What is the detective’s business? Hmm ... Let’s see ... The murderer, Lydia, owns a large beer company that’s on the verge of bankruptcy. We want to contrast the detective and antagonist. I’m not sure it will be HIS business, but I could see him selling amaranth. Just up from where I live there’s a restaurant that specializes in pairing Amaranth with food. I’ve never been, but I love that idea. Amaranth and fine dying. (lol. I meant to write “dining” but it came out “dying”! Perhaps I’ll keep that in the back of my mind as a possible title. Perhaps “Murder and Fine Dying,” “Absinthe and Fine Dying”, “Fine Dying in Meadowmead”? Okay, perhaps not!)

Tentatively, I’ll say the detective owns a restaurant called Absinthe Cafe. The focus is on pairing exotic drinks with delicious food. The food is moderately priced and a good deal for what one gets.

Where does your detective live? What does his lair look like?

Here I’m thinking about Exotic Setting (see the last post).

Now that we know a bit more about the detective, this is easy: he lives above his restaurant!

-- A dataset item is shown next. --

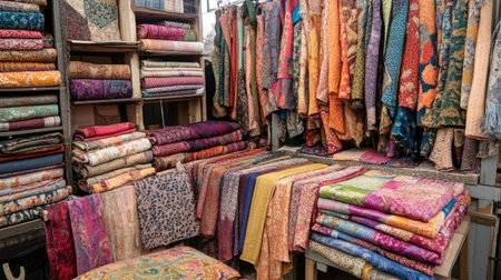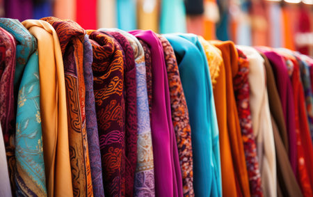 Colorful Scarves and Shawls in a Bustling Bazaar

It’s a bit unusual, so that’s good. It’s memorable and it certainly ties in with the character’s occupation!

What’s exotic or unusual about the town? I like the idea of having a festival the town is organized around. For example, in their tip of the hat to Twin Peaks, Psych did a Cinnamon Festival episode.

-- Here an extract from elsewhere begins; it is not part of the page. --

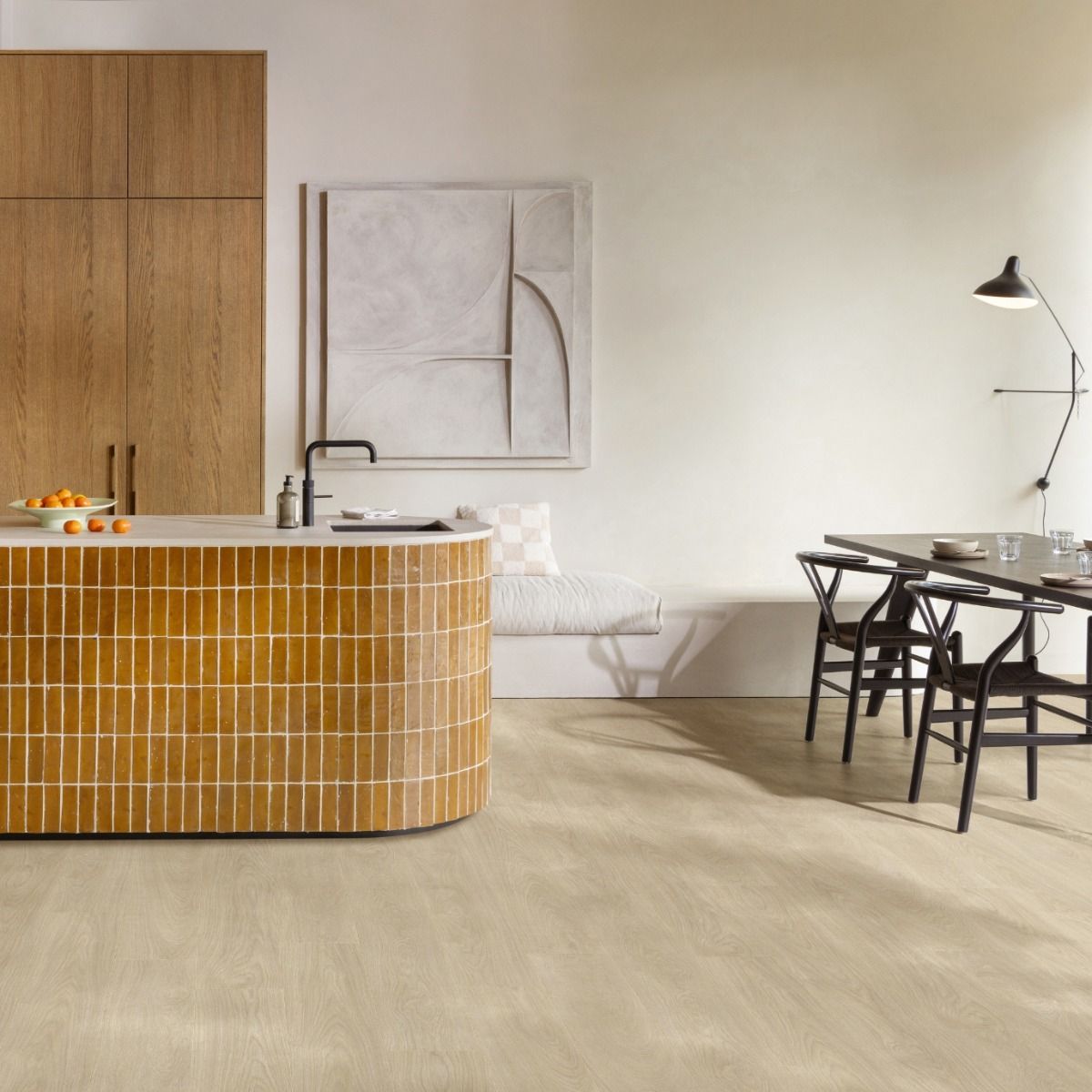 Moduleo LayRed Laurel Oak 51230 luxury vinyl floor tiles showcase a stunning blend of muted sandy tones with swirling grains and delicate hints of grey and beige. This natural oak LVT flooring is enhanced with registered embossing, bringing the authentic depth and character of real timber to life. With its dynamic patterning and timeless palette, this oak-inspired floor creates a captivating foundation that energises a room while maintaining a classic, sophisticated feel. Upgraded in 2025 with a genuine bevel, enhanced texture, and a sleek matte finish that captures the beauty of natural materials. The improved waterproof click system keeps water from seeping through the joints for extra durability and peace of mind.

Cupcake festival! It turns out that cupcakes are the detective’s favorite things in the entire world, a bit like Dean Winchester on Supernatural likes pie. At the moment he is passionate about chocolate cupcakes (the ones with sprinkles on top).

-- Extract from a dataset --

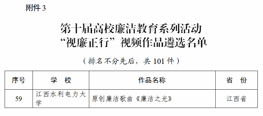 近日,教育部公布了第十届高校廉洁教育系列活动结果。我校选送的征文作品《以中华水文化涵养高校廉洁文化建设》(作者:车兰兰)入选“话廉修德”校园征文遴选名单(全国101件,江西省5件);原创廉洁歌曲MV《廉洁之光》(负责人:车兰兰、蒿佳杭、黄海平)入选“视廉正行”视频作品遴选名单(全国101件,江西省3件)。

(Or perhaps it’s a chocolate festival. That way I could include interesting, quirky, recipes such as chocolate chili. The detective has a killer chocolate chili cupcake recipe!)

How does the detective’s work and digs add to her memorability? 

Gah! I’m writing “her” now. I didn’t mean to. Perhaps I’ll leave the door open to the possibility the detective is female.

In any case, how does the detective's work and accommodations affect his memorability?

I’m drawing a blank. Let’s approach this from another direction. How did Poirot’s apartment help make him memorable?

Order and method. How Poirot ARRANGED things in his apartment said something about his character, about how his mind worked. The modern, geometrical, art on the walls. The art is a prop, it gives Hastings a reason to ask, “Oh! Say that’s new, eh.” He cocks his head to the side, blinks, turns it to the other side. Poirot smiles, comes over, and enthusiastically explains the virtue of the straight lines and the pristine curves.

I think I’m going to hate myself a little bit, but I’m going to make the detective a neat freak. I’m thinking of Monica on the TV show, Friends. I’m going to give him my mother’s favorite expression: A place for everything and everything in its place. This is going to be one of the detective’s more irritating qualities.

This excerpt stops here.